Europa hingegen will «sauber» bleiben und baut mit seinem für alle verfügbaren Opensource-Ansatz einen einzigartigen Vorteil auf. Das kostet Zeit und Überzeugungskraft. Doch die großen Handelskonzerne zum Beispiel haben die Einzigartigkeit längst verstanden und erkennen den Wert, der sich zunehmend für Gesellschaft, Ökonomie und Ökologie ergibt. In diesem Sinn ist kein Grund vorhanden, die europäische GVO-Richtlinie zu ändern – die Genome Editing übrigens nicht verbietet, sondern nur einer angemessenen Regulierung unterwirft. Die Forschung ist erlaubt und findet in Deutschland erfolgreich statt. Bester Beweis ist der erwähnte Chemie-Nobelpreis 2020. Die französische Preisträgerin Charpentier – Mikrobiologin, Genetikerin und Biochemikerin – ist seit 2018 Leiterin der Max-Planck-Forschungsstelle für die Wissenschaft der Pathogene in Berlin, zuvor war sie seit 2015 Direktorin am Berliner Max-Planck-Institut für Infektionsbiologie. Welches Verbot soll sie für ihren Chemie-Nobelpreis umgangen haben?

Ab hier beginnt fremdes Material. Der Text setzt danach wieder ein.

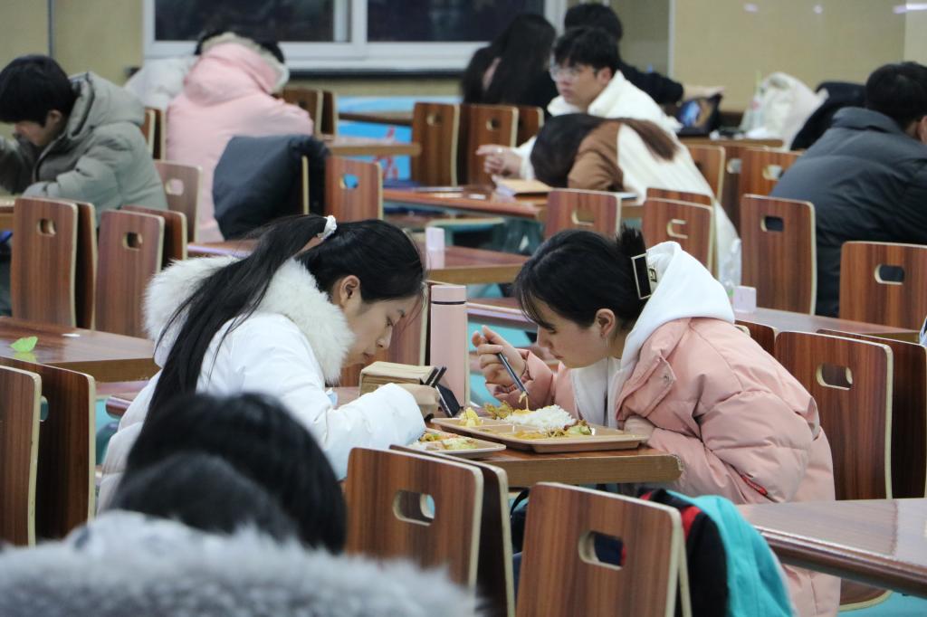 下课铃响起,同学们结伴来到食堂,有序就餐。
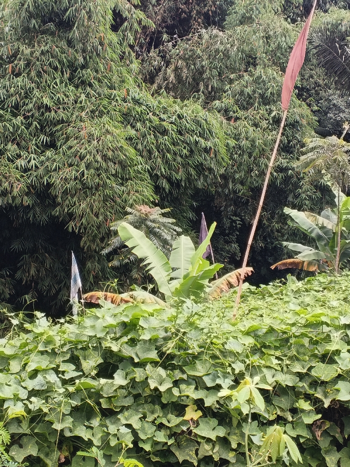 A lush, green scene dominated by dense foliage. Bamboo trees form a backdrop, partially obscuring the view. In the midground, banana leaves are interspersed with other plants. A thick layer of sprawling green vines covers the foreground. Several flags on tall poles are visible, one with a reddish-brown color and others with lighter colors. The overall impression is one of a vibrant, overgrown tropical landscape.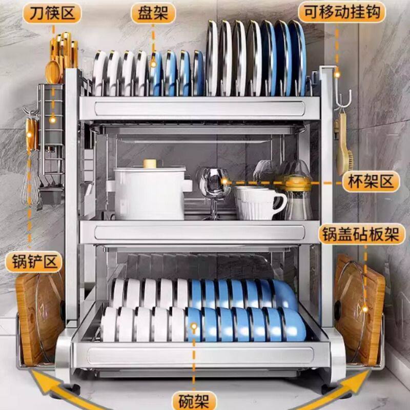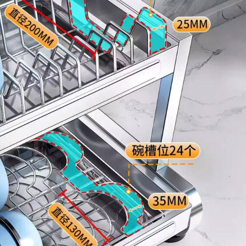 304不锈钢厨房置物架碗碟碗盘沥水架多功能放碗架碗筷收纳盒碗柜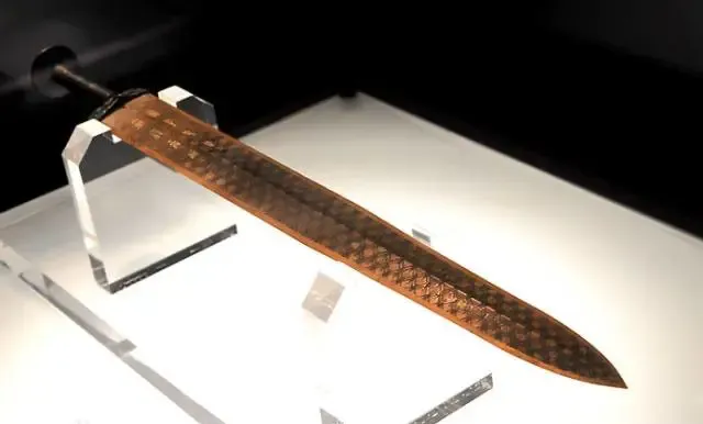 这柄通体暗花的剑叫越王勾践剑,剑身带着波浪纹,千年不生锈,剑柄一摸还有点凉,剑身刻着鸟篆八个字,现代人用的记忆合金都自愧不如,专家说试了多次,硬是做不成一把像样的,真服了。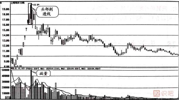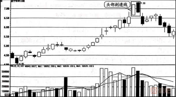 (3)在頭部刺透線出現(xiàn)后,股價(jià)一旦出現(xiàn)重心下移并跌破第一根陰線的開盤價(jià)就是果斷賣出的信號。

Lange Rede, kurzer Sinn: Es ist zu früh, um potenzielle Änderungen der europäischen GVO-Richtlinie zu diskutieren. Die Forschungslandschaft ist gut aufgestellt und erlaubt es, richtungsweisende Leistungen zu zeigen. Die ernstzunehmende Kommerzialisierung der wissenschaftlichen Vorleistung scheint dagegen, zumindest im Agrarsektor, noch meilenweit hinterherzuhinken. Jedenfalls fällt dem WebBaecker ad-hoc kein marktreifes Genscheren-Resultat ein, für das mal eben kurz bewährtes GVO-Recht fallen müsste.

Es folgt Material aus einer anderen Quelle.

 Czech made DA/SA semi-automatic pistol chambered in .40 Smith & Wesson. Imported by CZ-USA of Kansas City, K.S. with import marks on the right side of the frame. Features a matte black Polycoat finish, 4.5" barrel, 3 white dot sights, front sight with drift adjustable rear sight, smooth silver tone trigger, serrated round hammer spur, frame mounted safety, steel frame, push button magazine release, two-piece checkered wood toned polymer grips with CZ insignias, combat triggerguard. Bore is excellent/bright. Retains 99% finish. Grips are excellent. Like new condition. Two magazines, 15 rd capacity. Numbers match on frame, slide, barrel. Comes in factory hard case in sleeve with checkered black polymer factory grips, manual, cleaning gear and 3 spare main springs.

Die Aufweichung der GVO-Richtlinie würde ganze Branchen gefährden
«Die Anhörung vor dem Ausschuss hat erneut deutlich gezeigt, dass wir die bestehenden, bewährten Gentechnik-Regeln bewahren müssen. Sie aufzuweichen, wäre nicht nur ein Risiko für Umwelt und Gesundheit, sondern würde auch die Bio- und konventionelle «Ohne Gentechnik»-Lebensmittelwirtschaft existenziell gefährden, die zusammen in Deutschland für fast 30 Milliarden Euro Umsatz stehen. Bio und «Ohne Gentechnik» sind darauf angewiesen, ihren Kunden gentechnikfreie Produkte garantieren zu können. Das wäre kaum noch möglich, würden die Regeln nicht mehr konsequent auch für neue Gentechnikverfahren gelten», sagt Alexander Hissting, Geschäftsführer des Verbands Lebensmittel ohne Gentechnik (VLOG). «Gentechnikfreie Qualitäts-Lebensmittel stehen bei Verbrauchern hoch im Kurs. Eine Aufweichung der Regeln würde ihr Vertrauen in Produkte, Wirtschaft und Politik massiv erschüttern. Die Bundesregierung muss die aktuellen Pläne der EU-Kommission zur Deregulierung der Gentechnik stoppen.» Glücklicherweise muss nicht die gesamte EU-Kommission gestoppt werden. Es ist nur die Agrarindustrielobby, deren Macht und Einfluss – endlich – eingehegt werden müssen (Foto: pixabay.com).